- DIRECTIONS FOR THIS TASK -
An exact copy of the lines from the top of the data through the line with "태스크는 ALF 응대" is what you should give, with no pictures in it.

START SUPPLIED RECORDS

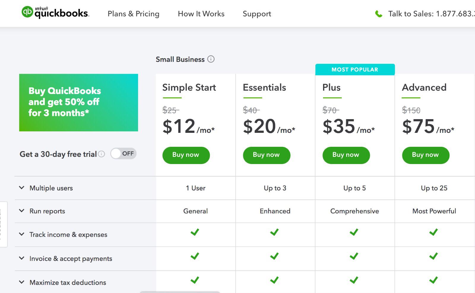 The Small Business packages begin with Simple Start and Essentials, priced at under $50 a month. Both are minimum payments any small business should be able to make, the plans offer core benefits of accounting that small businesses need.
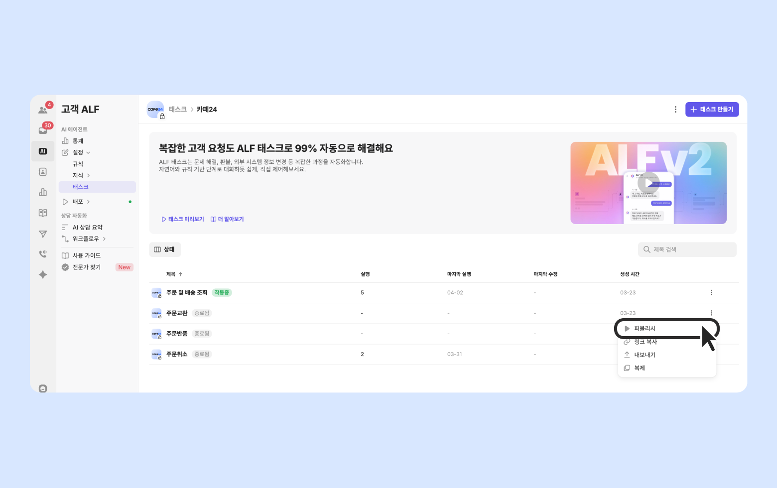 태스크는 ALF 응대 시 고객이 자주 요청하는 특정 업무를 자동화된 흐름으로 처리할 수 있도록 만든 기능입니다. 태스크를 통해 단순 질의응답을 넘어 대화형으로 실제 업무 처리까지 가능합니다.
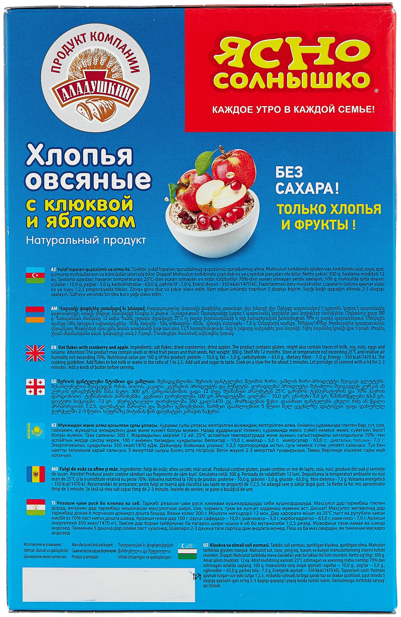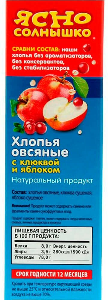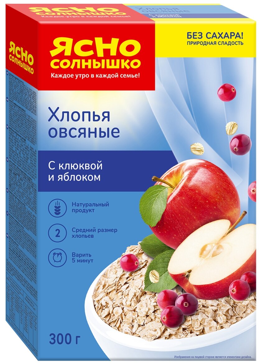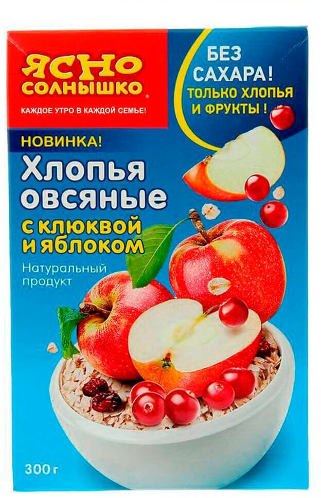 Хлопья Ясно солнышко Овсяные с клюквой и яблоком 300г производятся из резаной овсяной крупы, обработанной по уникальной технологии сохранения зародыша зерна, с добавлением сушеных фруктов и ягод. Растворимые и нерастворимые пищевые волокна нормализуют пищеварение и дарят чувство сытости на длительное время. Это 100% натуральный и удобный продукт быстрого приготовления, в котором сохранилась вся польза и питательная ценность цельных злаков. Теперь, чтобы приготовить вкусную овсяную кашу, вам понадобится всего 7-8 минут: просто залейте хлопья горячей водой или молоком (на 1 стакан хлопьев - 2.5 стакана жидкости), проварите в течение 5 минут и дайте настояться под крышкой еще 2-3 минуты. Продукт не содержит искусственных добавок и сахара.
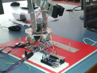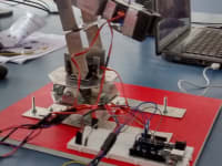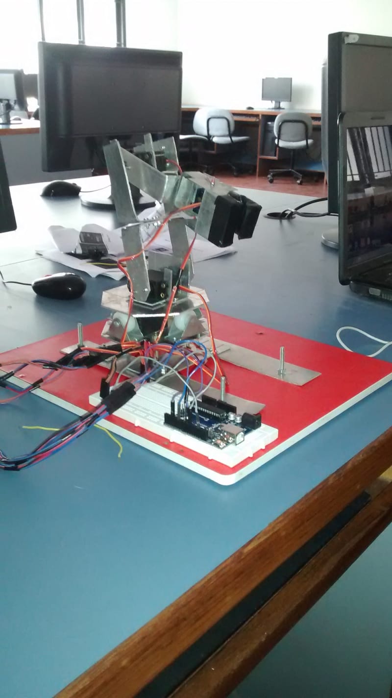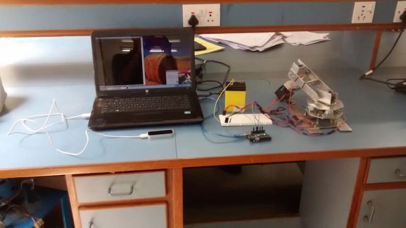 The main objective of this work was to design, develop and implement a competitively robot arm with enhanced control and stumpy cost. The robot arm was designed with four degrees of freedom and talented to accomplish accurately simple tasks, such as light material handling, which will be integrated into a mobile platform that serves as an assistant for industrial workforce. The robot arm is equipped with several servo motors which do links between arms and perform arm movements. The robotic arm is operated & controlled wirelessly with the help of hand gestures, which transmits signals to the robotic arm through leap motion device rather than controlling it manually through a conventional remote controller. It communicates with the system using node.js software and, which performs inverse kinematic calculations and communicates the proper angles serially to a microcontroller that drives the servo motors with the capability of modifying position, speed and acceleration.
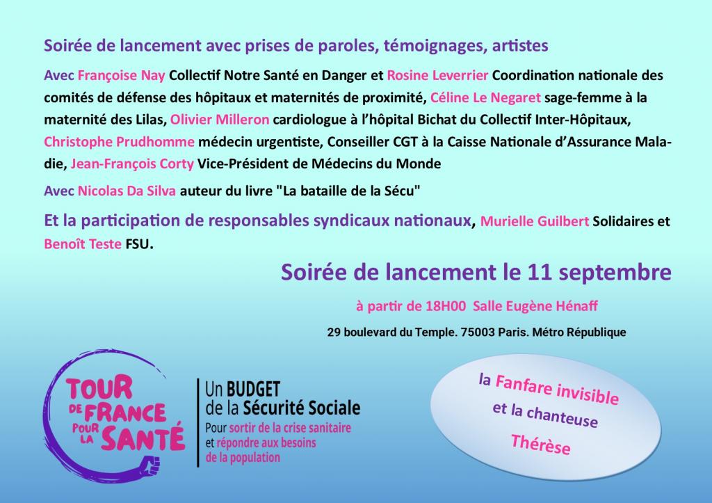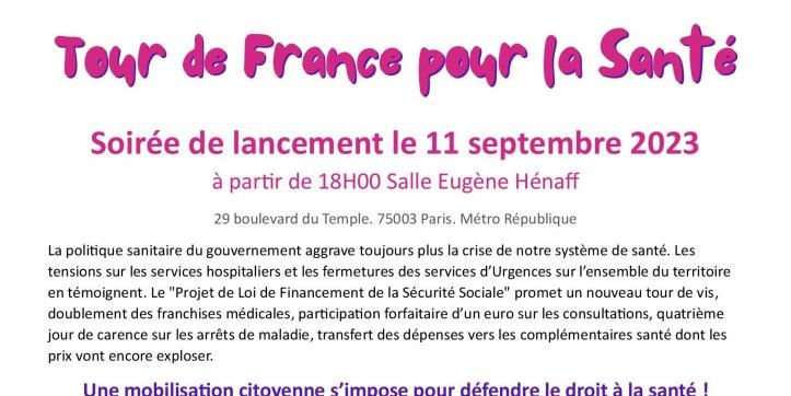 Plus d’une cinquantaine d’organisations et de collectifs se mobilise pour l’accès aux soins pour toutes et tous, pour l’obtention d’un budget de la Sécurité Sociale pour sortir de la crise sanitaire et répondre aux besoins des populations. Ils s’engagent dans la construction d'un « Tour de France pour la Santé ».
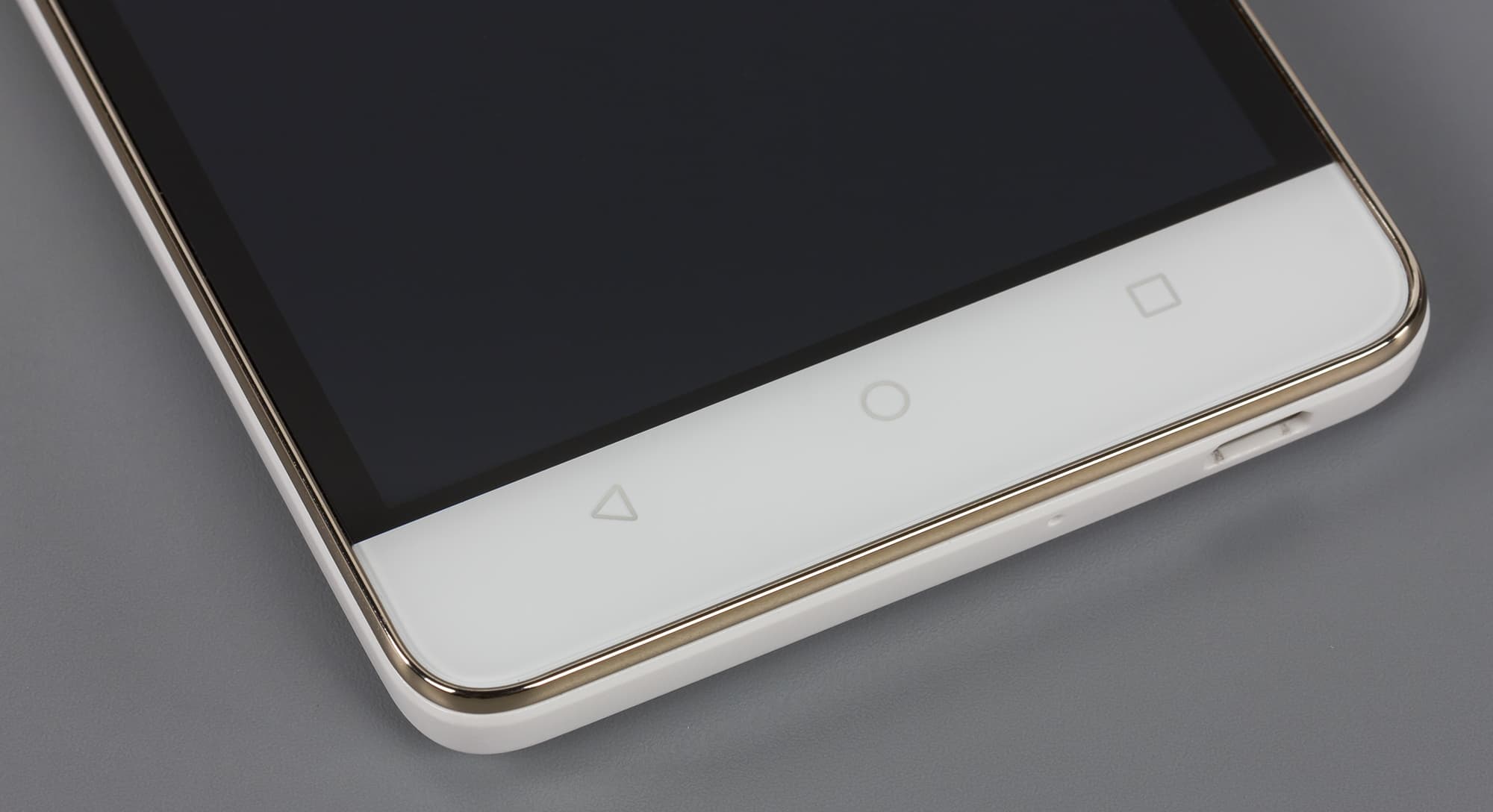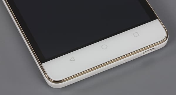 В нижней части под экраном размещены три привычные сенсорные кнопки управления системой и приложениями. Кнопки просто нарисованы блестящей краской на панели под стеклом и, к сожалению, не имеют никакой подсветки, так что лучше бы они, пожалуй, были виртуальными, экранными, как это сделано, например, у Huawei P8 Lite.
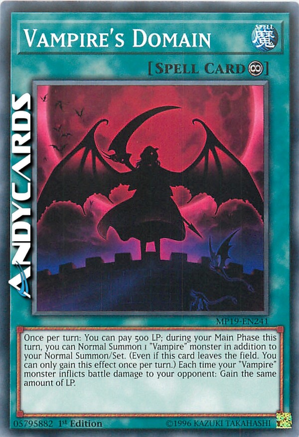Una volta per turno: puoi pagare 500 LP; durante la tua Main Phase in questo turno, puoi Evocare Normalmente 1 mostro "Vampiro" in aggiunta alla tua Evocazione Normale/Posizionamento. (Anche se questa carta lascia il Terreno. Puoi guadagnare questo effetto una sola volta per turno.) Ogni volta che un tuo mostro "Vampiro" infligge danno da combattimento al tuo avversario: guadagni lo stesso ammontare di LP.

END SUPPLIED RECORDS

- TASK ANSWER -
 The Small Business packages begin with Simple Start and Essentials, priced at under $50 a month. Both are minimum payments any small business should be able to make, the plans offer core benefits of accounting that small businesses need.
 태스크는 ALF 응대 시 고객이 자주 요청하는 특정 업무를 자동화된 흐름으로 처리할 수 있도록 만든 기능입니다. 태스크를 통해 단순 질의응답을 넘어 대화형으로 실제 업무 처리까지 가능합니다.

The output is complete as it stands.